Avalanche of data

Book review: ‘The Art of Statistics: Learning from Data’ by David Spiegelhalter

Image credit: Dreamstime

A lesson in how to distinguish the good numbers from the bad and the ugly.

For an example of how numbers can be used to mislead and lead a country into chaos, one need look no further than Vote Leave’s Brexit campaign and its notorious red bus carrying the message: “We send the EU £350 million a week; let’s fund the NHS instead”. The UK Office of National Statistics later judged that the claim was "misleading and undermined trust in official statistics," but it nevertheless helped to muddle voter trust as part of a number-driven disinformation campaign whose consequences reverberate to this day.

With ‘The Art of Statistics: Learning from Data’ (Pelican, £16.99, ISBN 9780241398630), British statistician David Spiegelhalter comes to the rescue in an attempt to head off similar ‘number abuse’ in future lobbying exercises.

Spiegelhalter, chair of the Winton Centre of Risk and Evidence Communication in the Statistical Laboratory at the University of Cambridge, aims to help non-statisticians gain trust in their own abilities to investigate data by teaching how sound statistics really works and how readers can tell the good from the bad and the ugly. His mission is to teach laypeople - especially those who may have despised statistics back in school - how to rekindle their fervour for the martial arts to analyse and communicate data.

Although intended for a general readership, the result doesn’t just scratch the surface of the subject. Despite dodging the math-bullets as far as possible, Spiegelhalter descends the rabbit hole to a remarkable depth. All too aware from teaching statistics at university that it can be dull, he insists that it is more than “esoteric formula with which generations of students have struggled”. His novel technique for avoiding boredom on the path to becoming a data detective is the Problem, Plan, Data, Analysis, Conclusion, or PPDAC, problem solving circle. A new and fresh idea that both students and teachers can pick up, it “underscores that formal techniques for statistical analysis play only one part of a statistician and data scientist”.
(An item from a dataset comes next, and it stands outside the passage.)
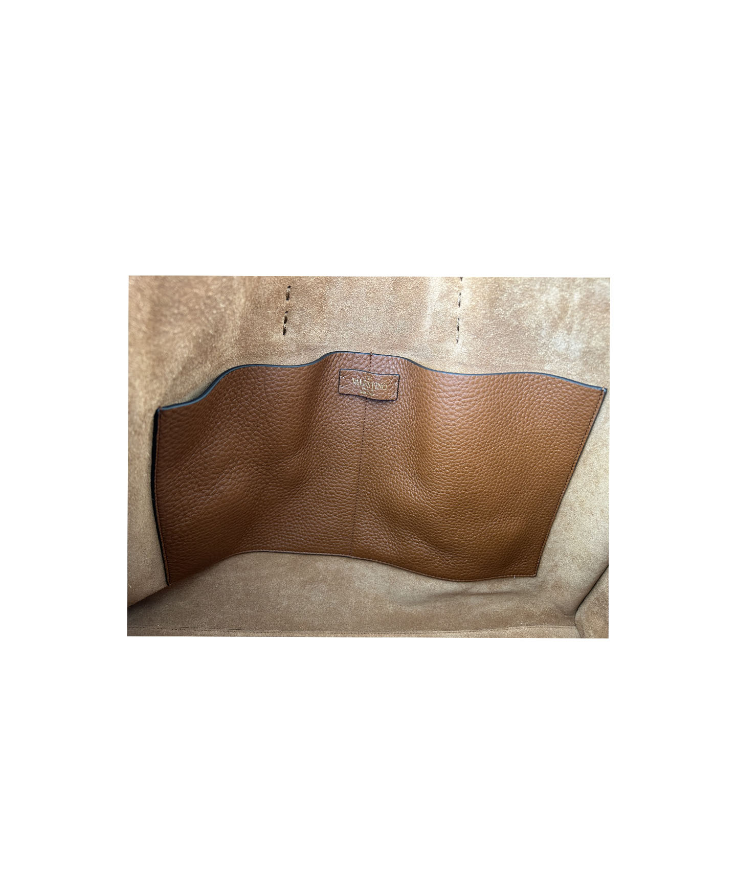 This Valentino tote exudes both luxury and practicality, crafted with a spacious silhouette and structured design. The tote boasts a luxurious suede-lined interior, offering a soft, premium feel that contrasts beautifully with the exterior. The interior is thoughtfully designed with multiple internal pockets for essentials. For added versatility, the bag comes with a detachable strap. The Valentino tote effortlessly blends style and functionality.

Like the fictional investigator Sherlock Holmes, Spiegelhalter takes readers on a trail to challenge methodology and stats thrown at us by the media and others. But where other authors have attempted this and failed, he is inventive and clever in picking the right examples that spark the reader's interest to become active on their own. The appeal of his cases lies in the fact that they are based on questions that occupy most of us, such as the reported numbers on lifetime opposite sex partners by men and women - and why neither can be completely trusted in their statements.

He also reminds us that national newspapers and journalists need to up their game in reporting numbers and techniques in visual communication of charts and data. The book is in part an appeal to editors to question and thoroughly check before stories go out that feature data, especially if figures quoted appear too good - or bad - to be true.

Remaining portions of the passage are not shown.